Filme: A Meia Irmã Feia
O filme A Meia‑Irmã Feia aborda uma releitura sombria e provocadora do clássico conto de fadas Cinderela. Aliás, é uma cinderela as avessas. Dirigido por Emilie Blichfeldt, o longa abandona a visão tradicional da história para olhar justamente para quem sempre foi retratada como vilã: a meia-irmã considerada “feia”.
De forma inacreditável, fugir dos padrões exigidos pela sociedade tem o poder transformador de “feia” ser “vilã”. A Meia Irmã Feia mostra como essa crueldade atravessa gerações. É um ponto relevante e muito reflexivo.
O foco da princesa perfeita é tirado e se volta para a personagem que vive à sombra do ideal de beleza. Em vez de caricatura ou alívio cômico, a meia-irmã se torna o centro de uma trama que discute pressão estética, rejeição e a obsessão social pela aparência. Qualquer semelhança é mera coincidência? Quantas loucuras já fizemos para fazer parte de padrões que estão fora da nossa realidade?
Com a Meia-irmã Feia não é diferente.
O filme constrói um universo visualmente impactante, com uma estética que mistura fantasia de época e elementos perturbadores. A direção aposta em um tom quase grotesco para mostrar até onde alguém pode ir para alcançar o padrão de beleza imposto pela sociedade e conquistar o tão sonhado príncipe.
Crítica social por trás do horror
Mais do que uma simples inversão de perspectiva, o filme funciona como uma crítica direta à cultura da beleza e da competição feminina.
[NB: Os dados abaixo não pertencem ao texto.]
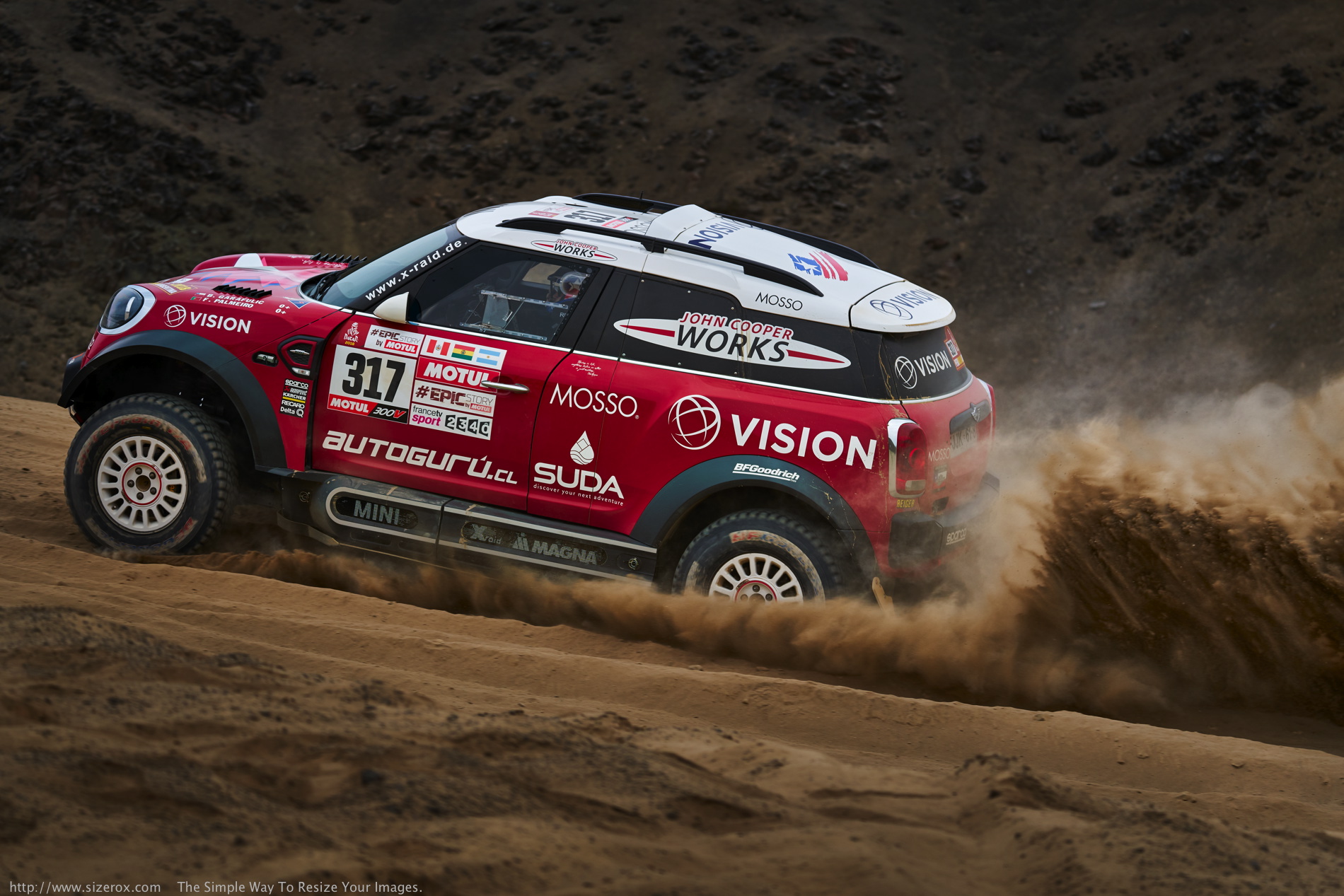 The anniversary edition of the long-distance rally takes the rally participants from Peru to Argentina via Bolivia and incorporates extended desert stages as well as rock and boulder fields and asphalt tracks which take the cars up to an altitude of 4000 meters in the Andes.
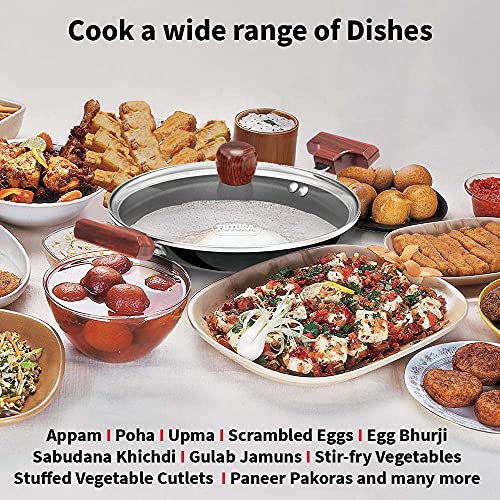 Futura Nonstick Deep-Fry Pans are ideal for sautéing and stir-frying foods using minimal quantities of oil. They can also be used for deep-frying and for cooking gravies curries and sauces. The Pans are offered with elegant comfortable rosewood handles fixed on sturdy stainless steel brackets which are permanently riveted to the pans. The pan is also offered with a tough heat-resistant glass lid with a strong stainless steel rim. The pans are available with a round bottom for greater convenience during stir-frying and ideal for use on domestic gas stoves or radiant electric cooktops. Perfect for Appam (Rice and Coconut Milk Pancakes) Firni (Milk and Ground Rice Pudding) Bengal Fish Curry Stir-Fried Bean Sprouts and Vegetables Samosa (Savoury Stuffed Pastries Egg Curry and Kadai Masala Chicken (Spicy Stir-Fried Chicken).
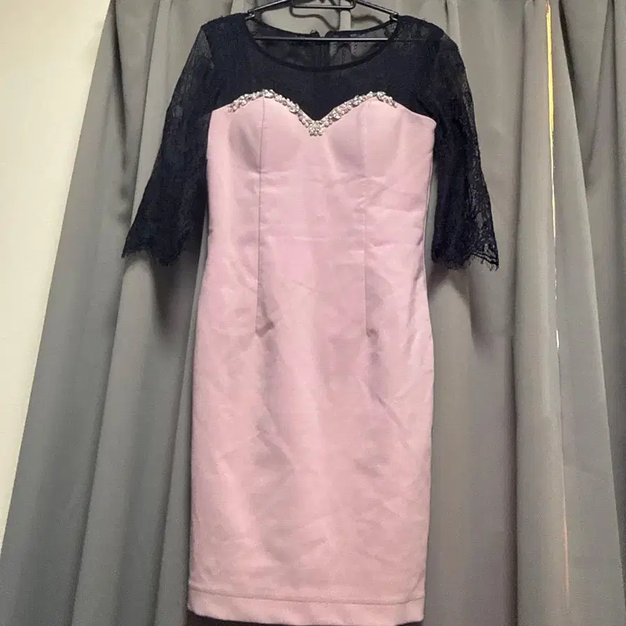 라벤더 타이트 드레스 레이스 소매 비쥬 포함

Ao humanizar a personagem tradicionalmente ridicularizada, a história questiona o próprio conto de fadas que moldou gerações.
A narrativa mostra que o verdadeiro conflito não está entre as irmãs, mas em um sistema que valoriza apenas quem se encaixa em um ideal de perfeição.
A estética do filme é um de seus pontos mais marcantes. Com momentos desconfortáveis e até chocantes, a produção se aproxima do horror corporal para enfatizar a violência simbólica da busca pela perfeição física.
Essa escolha estética pode causar estranhamento, mas também reforça a proposta do filme: desconstruir o romantismo das histórias clássicas e revelar o lado cruel por trás delas.
“A Meia-Irmã Feia” é uma releitura ousada e provocativa de um dos contos de fadas mais conhecidos do mundo. Ao dar voz à personagem esquecida, o filme transforma uma figura ridicularizada em protagonista de uma reflexão sobre beleza, exclusão e identidade.
O resultado é um conto de fadas sombrio e contemporâneo que mostra que, às vezes, a verdadeira história nunca foi a da princesa, mas a de quem ficou à margem do espelho.